Reading files in parallel in python_问答_开发者

I have a bunch of files (almost 100) which contain data of the format: (number of people) \t (average age)

These files were generated from a random walk conducted on a population of a certain demographic. Each file has 100,000 lines, corresponding开发者_开发知识库 to the average age of populations of sizes from 1 to 100,000. Each file corresponds to a different locality in a third world country. We will be comparing these values to the average ages of similar sized localities in a developed country.

What I want to do is,

for each i (i ranges from 1 to 100,000):
  Read in the first 'i' values of average-age
  perform some statistics on these values

That means, for each run i (where i ranges from 1 to 100,000), read in the first i values of average-age, add them to a list and run a few tests (like Kolmogorov-Smirnov or chi-square)

In order to open all these files in parallel, I figured the best way would be a dictionary of file objects. But I am stuck in trying to do the above operations.

Is my method the best possible one (complexity-wise)?

Is there a better method?

Actually, it would be possible to hold 10,000,000 lines in memory.

Make a dictionary where the keys are number of people and values are lists of average age where each element of the list comes a different file. Therefore, if there are 100 files, each of your lists will have 100 elements.

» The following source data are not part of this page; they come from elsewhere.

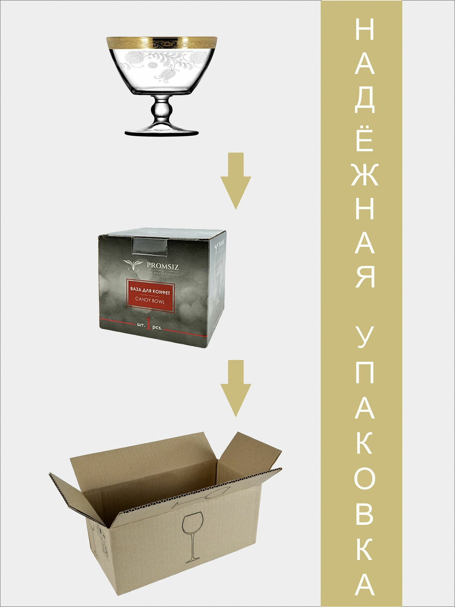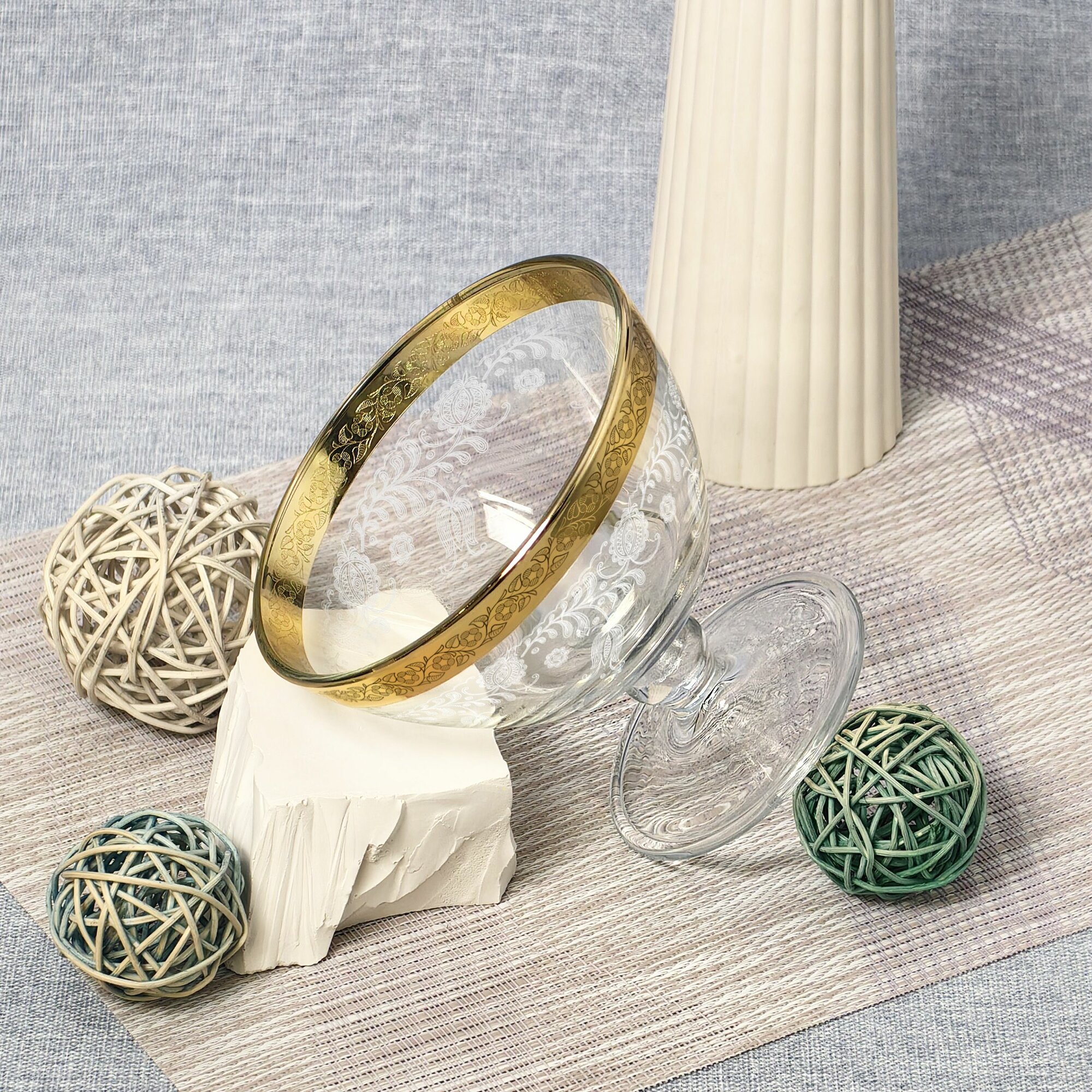 Ваза стеклянная на ножке для конфет в подарочной упаковке с алмазной гравировкой PROMSIZ греческий узор, 500 мл, 1 шт.
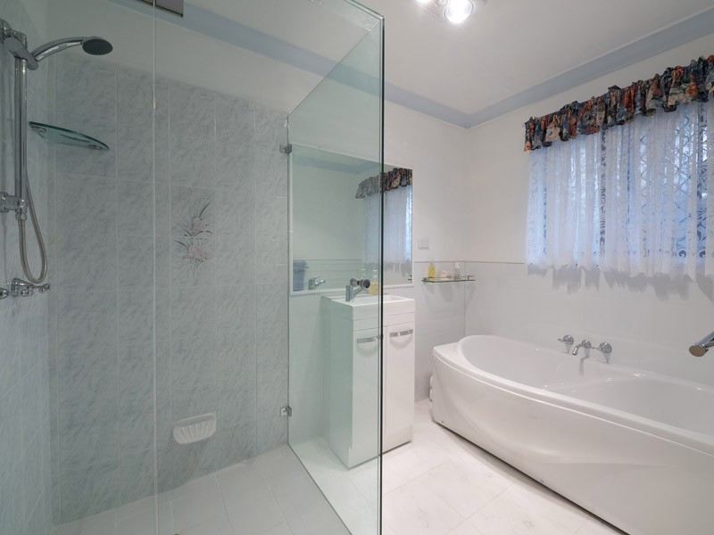 We leave the family room through self-closing doors into the entertainment and pool area, this whole area is tiled and shows real class. There is a solar heated, 7m x 6m salt water fibreglass pool, complete with a spa and next to this a large undercover BBQ area with Café blinds to protect from any prevailing winds.
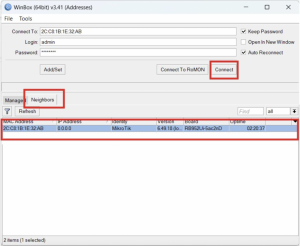 https://mikrotik.com/download - In Winbox, go to the Neighbors tab.
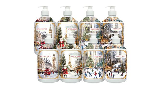 Outfit the kitchens and bathrooms in your home with these decadent Home + Body holiday hand soaps.
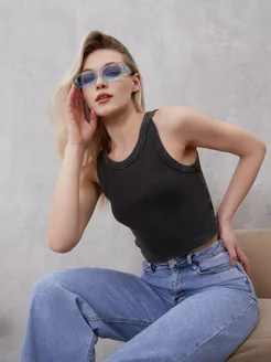Майка кроп топ в рубчик варенка серая
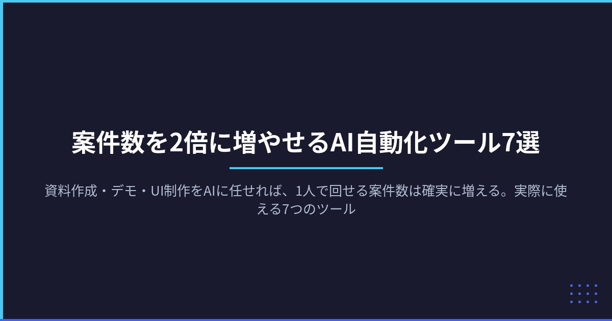 資料作成・デモ・UI制作をAIに任せれば、1人で回せる案件数は確実に増える。実際に使える7つのツールと、どの工程を任せるべきかを具体的に解説。今日から始められる効率化の全手順を公開。
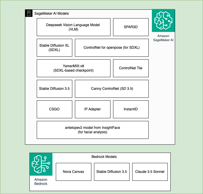 The following image illustrates the models used by both Amazon SageMaker AI and Amazon Bedrock in our solution. Models for Amazon SageMaker AI include: DeepSeek VLM, SDXL, Stable Diffusion 3.5, SPAR3D, ControlNet for openpose, Yamix-8, ControlNet Tile, ControlNet for canny edges, CSGO, IP Adapter, InstantID, antelopev2 model from InsightFace. Models used by Amazon Bedrock include: Nova Canvas, Stable Diffusion 3.5, and Claude 3.5 Sonnet.
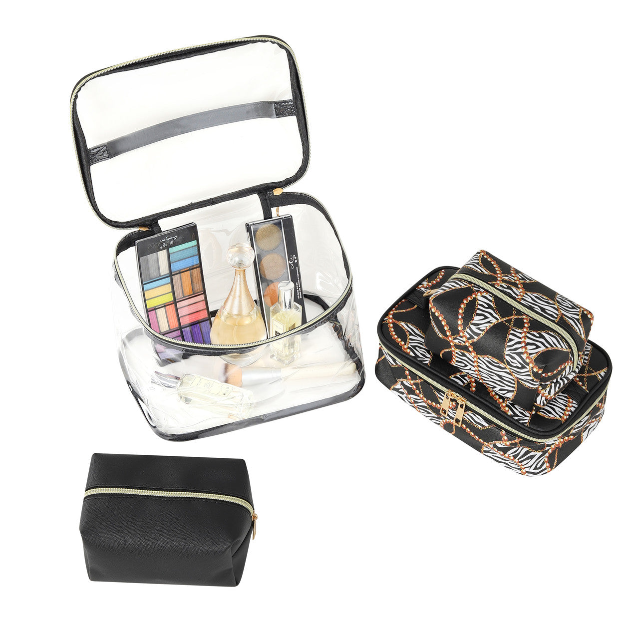 Add a bold, timeless accent to any beauty collection with this 4-piece Leopard Print Cosmetic Set. Featuring a classic leopard pattern, this coordinated set combines fashion-forward style with practical organization for cosmetics, toiletries, and everyday essentials.
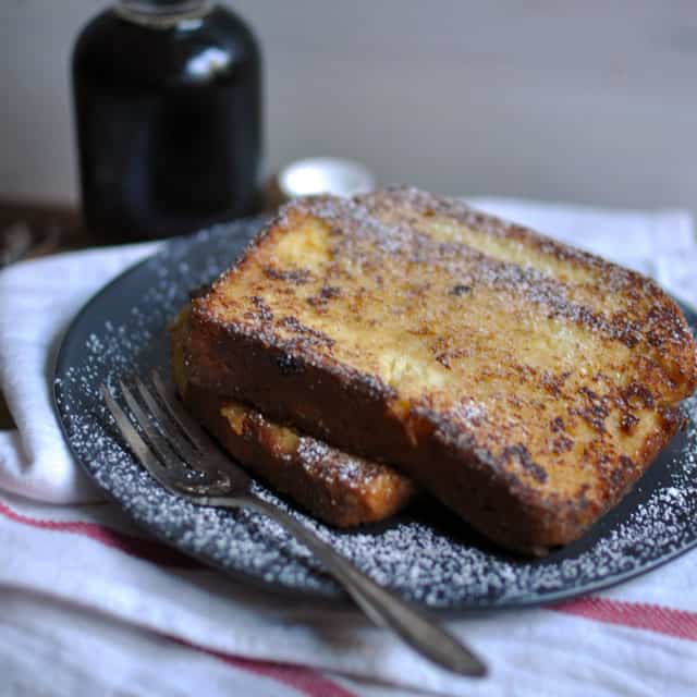 4. To serve, plate the French Toast and dust with powdered sugar.
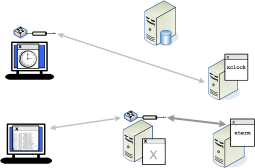 一元管理された構成を使用して、ユーザワークステーション上に X サーバディスプレイが作成されます。
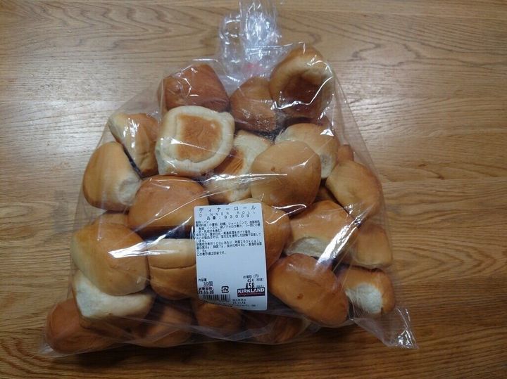 こういう大袋に入っているパンは、ほかのところでも見かけるのですがやっぱりコストコのディナーロールが一番だそうです。

This way, you don't need to store the file objects in a dict

Hope this helps

Why not take a simple approach:

Open each file sequentially and read its lines to fill an in-memory data structure
Perform statistics on the in-memory data structure

Here is a self-contained example with 3 "files", each containing 3 lines. It uses StringIO for convenience instead of actual files:

#!/usr/bin/env python
# coding: utf-8

from StringIO import StringIO

# for this example, each "file" has 3 lines instead of 100000
f1 = '1\t10\n2\t11\n3\t12'
f2 = '1\t13\n2\t14\n3\t15'
f3 = '1\t16\n2\t17\n3\t18'

files = [f1, f2, f3]

# data is a list of dictionaries mapping population to average age
# i.e. data[0][10000] contains the average age in location 0 (files[0]) with
# population of 10000.
data = []

for i,filename in enumerate(files):
    f = StringIO(filename)
    # f = open(filename, 'r')
    data.append(dict())

    for line in f:
        population, average_age = (int(s) for s in line.split('\t'))
        data[i][population] = average_age

print data

# gather custom statistics on the data

# i.e. here's how to calculate the average age across all locations where
# population is 2:
num_locations = len(data)
pop2_avg = sum((data[loc][2] for loc in xrange(num_locations)))/num_locations
print 'Average age with population 2 is', pop2_avg, 'years old'

The output is:

[{1: 10, 2: 11, 3: 12}, {1: 13, 2: 14, 3: 15}, {1: 16, 2: 17, 3: 18}]
Average age with population 2 is 14 years old

I ... don't know if I like this approach, but it's possible that it could work for you. It has the potential to consume large amounts of memory, but may do what you need it to. I make the assumption that your data files are numbered. If that's not the case this may need adaptation.

# open the files.
handles = [open('file-%d.txt' % i) for i in range(1, 101)]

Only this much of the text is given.